No this is not a political piece about Vladimir Putin.

Olympic training was going on across the way, in the mountains of course. A team of Russian bobsledders moved in a couple places up our small street. They had a one-car garage and kept the bobsled in there and liked to have the garage door open while they maintained it and made modifications.

I walked our dog four times per day, at night with my husband, and every time they saw a person, even one walking a dog four times a day, every day, they immediately shut the garage door as if we were spies from another Olympic team. Believe me, aside from watching on TV a couple of times we know nothing about bobsled, luge or skeleton.

The scariest thing was that we had a 5 mph speed limit on our small and curvy street. The Russians would drive 50 mph while on a cell phone. Walking at all (there were no sidewalks) especially with an old dog, was frightening as they careened down the street.

My husband got LED lights for all our jackets, and a flashing collar and leash for the dog. They’re all dead now, the batteries, not the Russians. I don’t know how they did in the Olympics that year. Yes, the Russians, the batteries were still OK.

I still have these LED buttons on my jackets years later and people ask what they’re for. I say “to protect me from the Russians!” Then they ask me the story. It is as if I was wearing an aluminum foil hat to deter aliens!

Now we have electric winter jackets from a tool manufacturer. You press two buttons outside for the amount of warmth you wish. Everyone asks why I have red lights on my jacket. They’re all the rage for construction workers who are out in the elements in cold winters. My husband found one for his Dad, who owns a cattle ranch, and he didn’t like it so gave it back.

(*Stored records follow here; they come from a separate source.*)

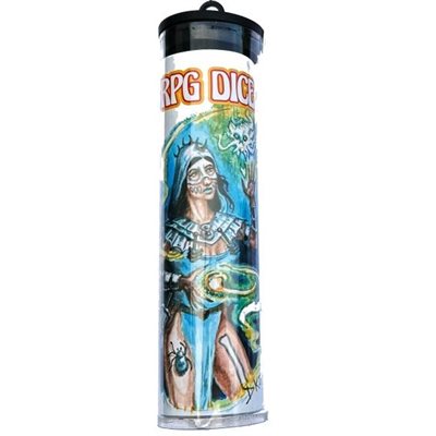 A complete set of 14 dice for DCC RPG! The dice are a glittering multi-colored swirl of rose, green, ultramarine, and yellow with gold numbers.
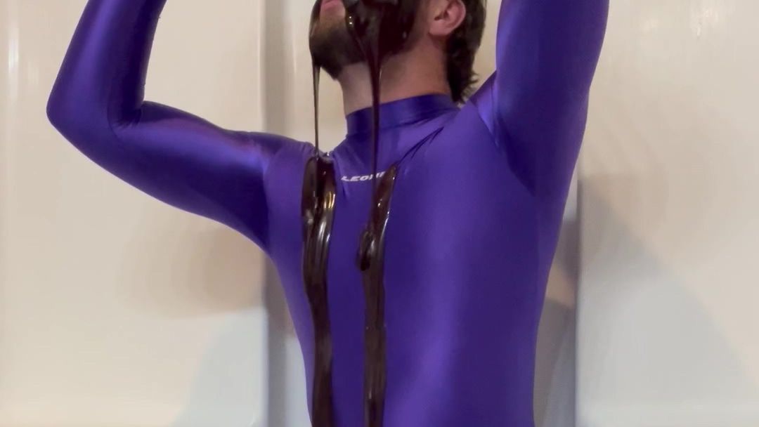 While wearing my purple Amoresy catsuit, I am live streaming and get a request for a chocolate shower video. Dumping an entire tub of hersheys chocolate on myself and then cranking until I finish
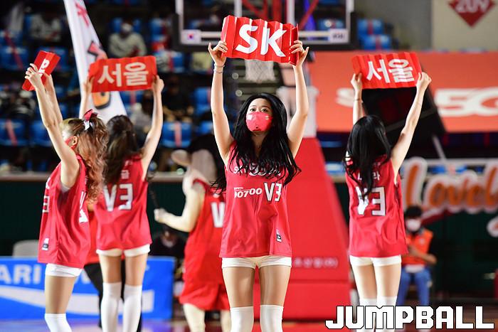 [점프볼=잠실학생/박상혁 기자] 25일 잠실학생체육관에서 열린 2020-2021 현대모비스 프로농구 서울 SK와 부산 KT의 경기, SK 치어리더가 응원을 하고 있다.
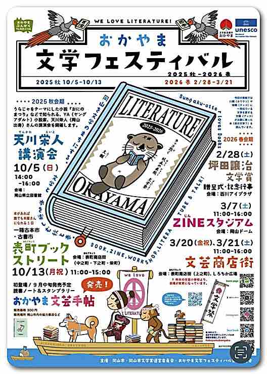 202510月から 20263月まで「おかやま文学フェスティバル2025秋~2026春」(主催 岡山市・岡山市文学賞運営委員会・おかやま文学フェスティバル実行委員会)を開催しています。
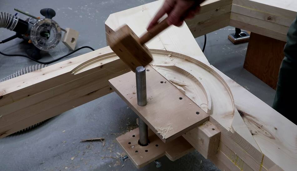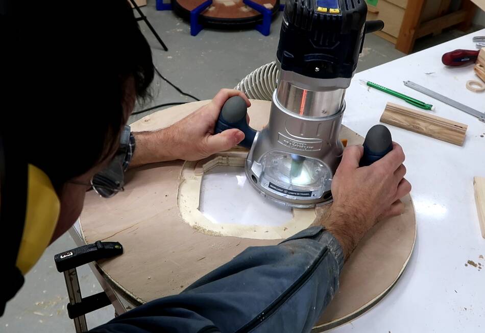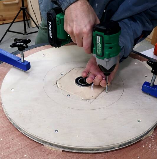 I rigged up a simple sort of circle jig to route out that cavity....
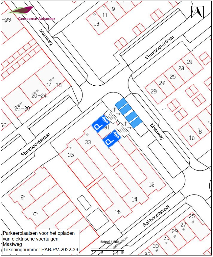 Burgemeester en wethouders van Aalsmeer besluiten om op de Mastweg vier parkeerplaatsen aan te wijzen als parkeerplaats voor het opladen van elektrische motorvoertuigen. De parkeerplaatsen mogen alleen gebruikt worden voor het opladen van deze elektrische motorvoertuigen.
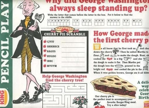 Burger King Placemat George Washington 1988 Cherry Pie Pencil Play
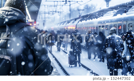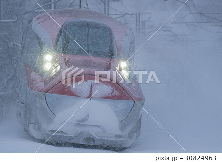 冬季景色:蒸汽機車行駛在白雪皚皚的景色中
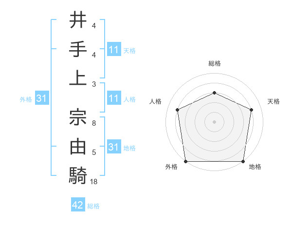 井手上 宗由騎さんを姓名の画数から五運を鑑定

My husband kept it and found me a men’s jacket that didn’t fit quite right and was too heavy for me. He sent it back and got me what he calls “the girlfriend version” that works quite well. Get extra batteries and plug them in regularly and you’re good for the winter with a warm hat, gloves and boots. A scarf would be good as an extra measure. Even silk long undies, when I’m not wearing those under pants in the cold, I use them for sleepwear.

Sources (I do not get paid for this blog in any way and haven’t ever for over 10 years, and am not trying to monetize this site)

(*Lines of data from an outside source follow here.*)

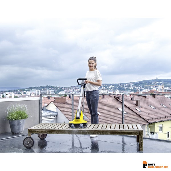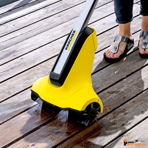 Der Kärcher PCL 4 ist ein elektrischer Terrassenreiniger, der mit rotierenden Bürstenwalzen und regulierbarer Wasserausbringung Holzterrassen und glatte Steinfliesen gründlich und schonend von Schmutz befreit.
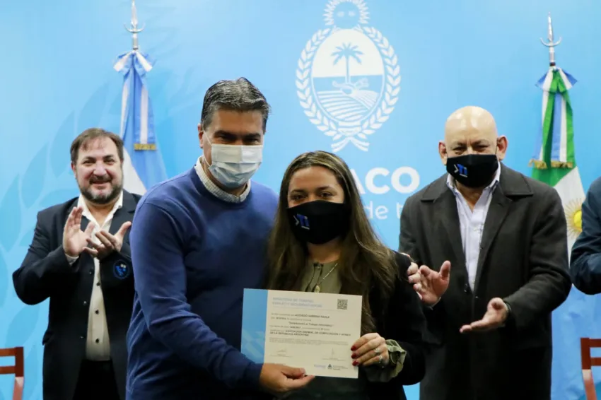 El acto de entrega de certificados tuvo lugar en el Salón Obligado de Casa de Gobierno y contó con la presencia del diputado Hugo Sager; secretaria general de la CGT, Graciela Aranda; el secretario general de la asociación, Ezequiel Tosco; el delegado NEA, Carlos Azcona; entre otros funcionarios provinciales.
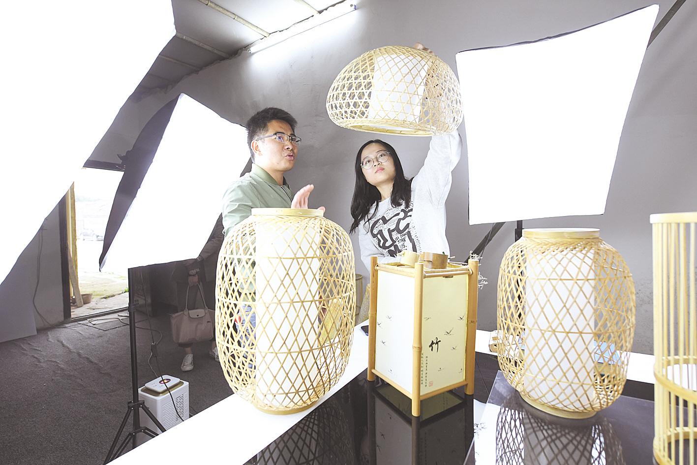 10月14日,咸寧市咸安區(qū)大幕鄉(xiāng)雙垅村竹雕藝人在攝影棚向客人介紹竹制家居用品和工藝品。去年5月,當(dāng)?shù)卮髮W(xué)畢業(yè)生賀慈回鄉(xiāng)創(chuàng)業(yè),成立藝竹情工藝品公司,聘請(qǐng)民間藝人手工制作工藝品,通過電商銷售,今年前三季度銷售額500多萬(wàn)元。

Electric jacket: Milwaukee Tool (online and sometimes at a Home Depot)

Silks: WinterSilks (online)

My hats are mostly from Fur Hat World (online) and because of the cold I’ve a lighter one of rabbit, and a stalwart one of lamb. PETA, leave me alone. I need Cossack hats because it’s cold here and I need my ears covered because they’re a health issue. If it makes you feel better I wear Crocs. I heard a comedian say recently that Crocs are for people who have given up on life! I haven’t but a lifetime of arthritis won’t let me wear heels.

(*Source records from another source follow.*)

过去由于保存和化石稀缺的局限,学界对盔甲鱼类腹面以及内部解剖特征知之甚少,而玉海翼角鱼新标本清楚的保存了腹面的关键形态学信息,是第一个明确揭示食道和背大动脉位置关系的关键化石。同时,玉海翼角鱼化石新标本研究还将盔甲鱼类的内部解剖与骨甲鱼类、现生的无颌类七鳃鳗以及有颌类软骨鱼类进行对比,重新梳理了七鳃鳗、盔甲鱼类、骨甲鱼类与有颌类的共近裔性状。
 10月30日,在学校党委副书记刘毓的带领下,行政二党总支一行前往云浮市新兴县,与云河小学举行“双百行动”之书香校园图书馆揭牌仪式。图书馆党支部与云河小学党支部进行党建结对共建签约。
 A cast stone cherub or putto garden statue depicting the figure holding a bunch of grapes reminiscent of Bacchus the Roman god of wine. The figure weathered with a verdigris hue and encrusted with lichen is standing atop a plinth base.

I’ve no idea where my husband got the LED buttons for our jacket zipper closures or Zoe’s flashy collar and leash. And I think that anyone who plummets down mountains on curves that would frighten anyone has a need to go fast. They weren’t trying to run us over, just being themselves. This team just happened to be Russian. Cheers, Dee



One response to “Beware the Russians!

  1. On our tenth wedding anniversary (tin) I made him dinner but five minutes before he arrived I made him a tin foil alien repellent hat. Too late, I think they got him at birth. Ha! Love you, dear.